Tiny Beautiful Things parle de compassion
Mais comment venir en aide aux lecteurs et aux lectrices lorsque votre propre vie ne ressemble pas à un « modèle » ? C’est bien là le cœur narratif de Tiny Beautiful Things : une vie n’est pas un modèle. Car si une question obsède Clare au point de la détruire de l’intérieur, « comment ai-je pu m’éloigner à ce point de la personne que je voulais être ? », elle réalise qu’elle est loin d’être la seule dans cette situation. Dans sa rubrique, un conseil de vie n’est autre que l’expression d’une empathie dénuée de jugement.
Résultat, Clare s’engage non pas sur un chemin de rédemption, mais sur un chemin de mieux-être : pour améliorer sa vie comme elle l’entend, elle embrasse d’une certaine façon le chaos, elle accepte peu à peu de devoir lâcher prise. Elle utilise les ruines de sa vie pour aider les autres, pour leur parler de cœur à cœur sans barrières. Au lieu d’être simplement la somme de ses peines et de ses déceptions, elle essaye d’y trouver du sens, et c’est la compassion qui en est le véhicule.
Tiny Beautiful Things n’est toutefois pas une œuvre pleinement réparatrice. Elle ne fait pas non plus particulièrement de bien, comme ce serait le cas pour d’autres séries abordant la santé mentale — à l’instar de la magnifique Shrinking.

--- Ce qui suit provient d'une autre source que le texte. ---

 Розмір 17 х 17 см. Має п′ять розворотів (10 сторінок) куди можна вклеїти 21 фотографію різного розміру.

Tiny Beautiful Things adopte un autre parti pris, celui de la catharsis, d’une sorte de défouloir émotionnel où tout part à vau-l’eau. Cette mise en scène repose trop souvent sur une emphase artificielle, jusqu’à réduire quelque peu les émotions que l’on pourra ressentir. Sur les 8 épisodes de la saison, la série se veut par ailleurs assez statique dans l’évolution de Clare, là où on aimerait davantage l’accompagner sur une forme de chemin évolutif.

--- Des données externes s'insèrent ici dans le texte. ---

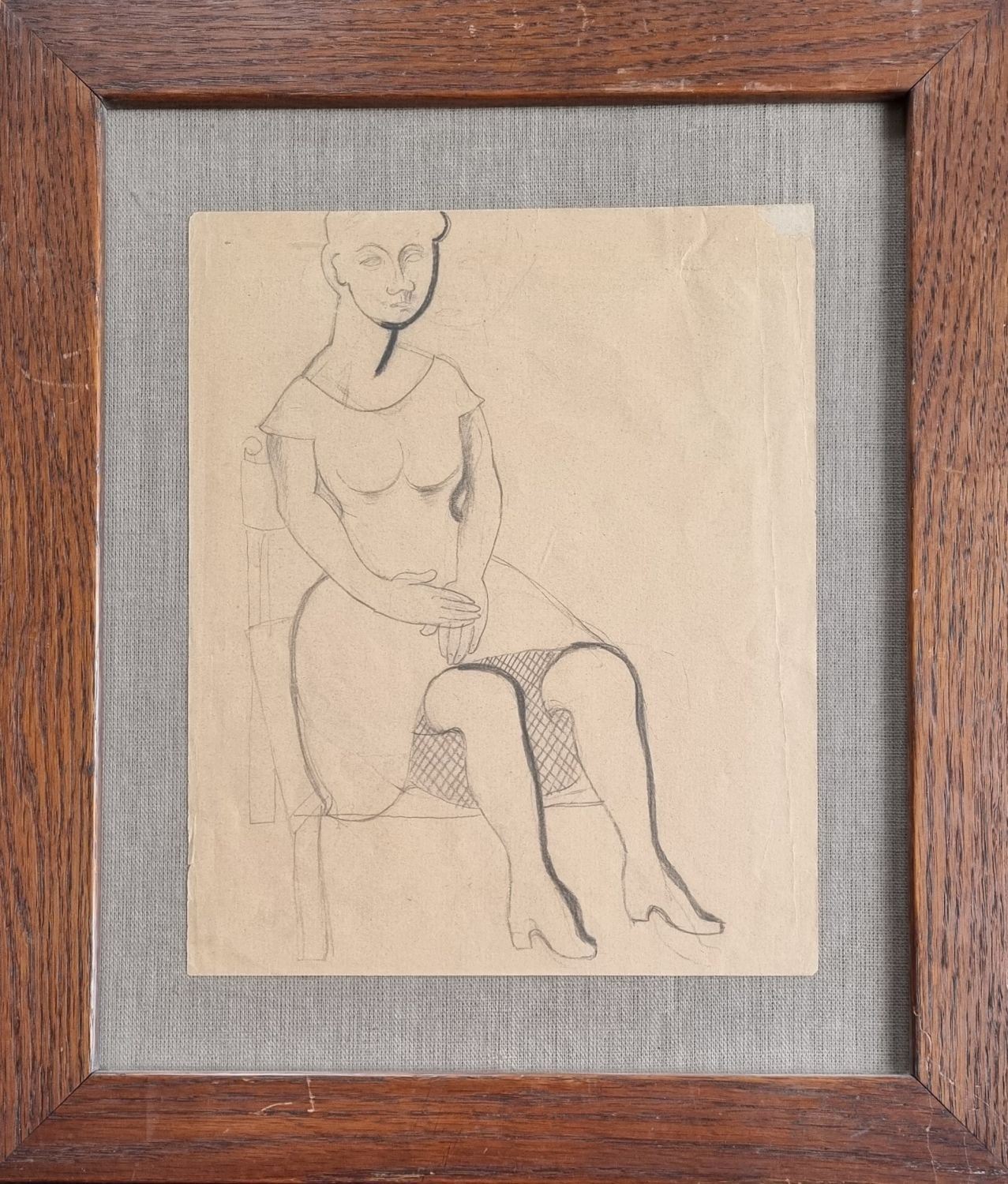 | Kresba tužkou, autorem nesignováno. Práce byla vystavena v Mánesu v roce 1927 a reprodukována v měsíčníku Volné směry. Jedná se o skicu k soše s názvem "Děvče se psem" z roku 1920. Socha z pálené hlíny je reprodukována v knize Josefa Císařovského "Oto Gutfreund" pod číslem 31. List je rámován v tmavě hnědém dřevěném rámu na plátěném podkladu. |

Ce n’est pas forcément ce que l’on en attendait sur le papier et la série n’a pas la force du film Wild. Mais les deux interprètes de Clare — Kathryn Hahn et Sarah Pidgeon (plus surprenante encore) — donnent une âme à Tiny Beautiful Things, une approche débridée des émotions, qui fait souvent mouche.

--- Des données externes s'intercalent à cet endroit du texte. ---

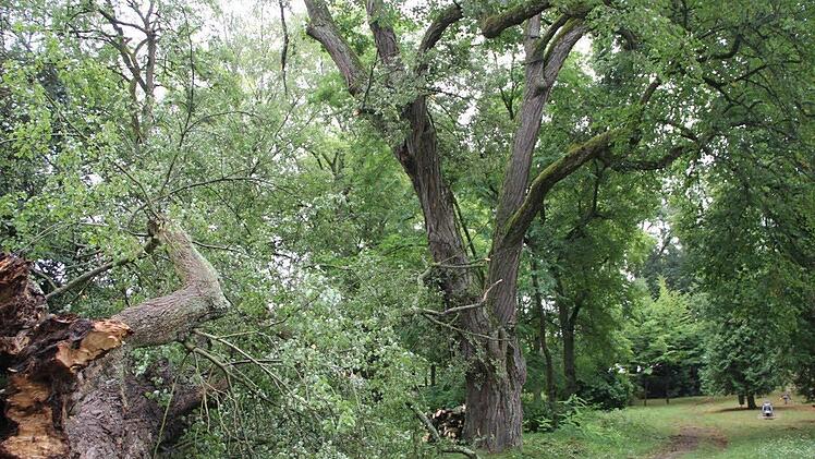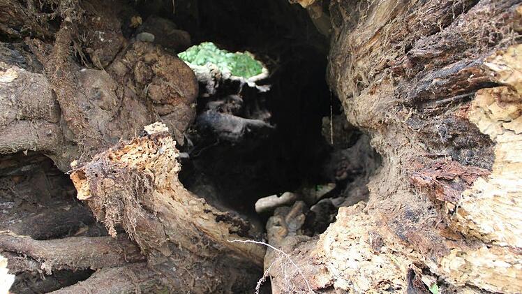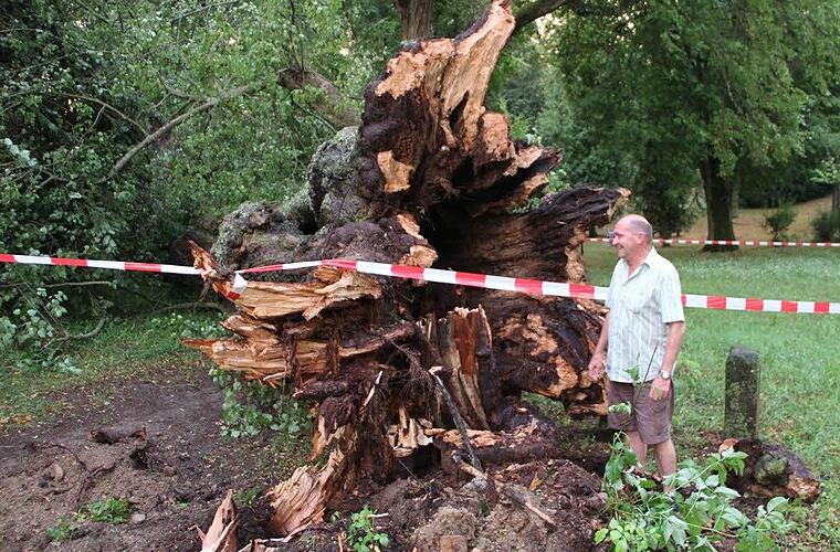 Der Gewittersturm am Dienstagabend hat im Münnerstädter Hindenburgpark die Hohle Linde, einen uralten Baum, zu Fall gebracht. Ganze Kindergenerationen haben sich im Innern des Baumes versteckt, haben dort gespielt. Nun liegt der mächtige Stamm am Boden. Der starke Wind hat ihn einfach umgeworfen.

Tiny Beautiful Things, à partir du 7 avril sur Disney+
Le verdict
Tiny Beautiful Things
Voir la ficheOn a aimé
- Kathryn Hahn et Sarah Pidgeon, sans filtres, touchantes
- Une série sur la compassion
On a moins aimé
- Un peu fouilli dans sa narration / mise en scène
- La série ne remplit pas totalement sa promesse
Tiny Beautiful Things est la chronique d’une femme qui décide ne plus être la somme de ses peines et de ses déceptions ; et ce faisant, d’aider les autres à partir de sa propre expérience. Série cathartique, généreuse, chaotique (parfois un peu trop), cette fictionnalisation des lettres de Cheryl Strayed en « Dear Sugar » touche droit au cœur, sans oublier l’humour. On le doit à l’interprétation débridée de Kathryn Hahn, mais aussi de Sarah Pidgeon, peut-être plus surprenante encore que Kathryn Hahn dans sa capacité à nous toucher. On aurait simplement aimé que la série nous fasse davantage du bien, comme Wild autrefois, là où Tiny Beautiful Things relève plus d’un constat que d’un chemin.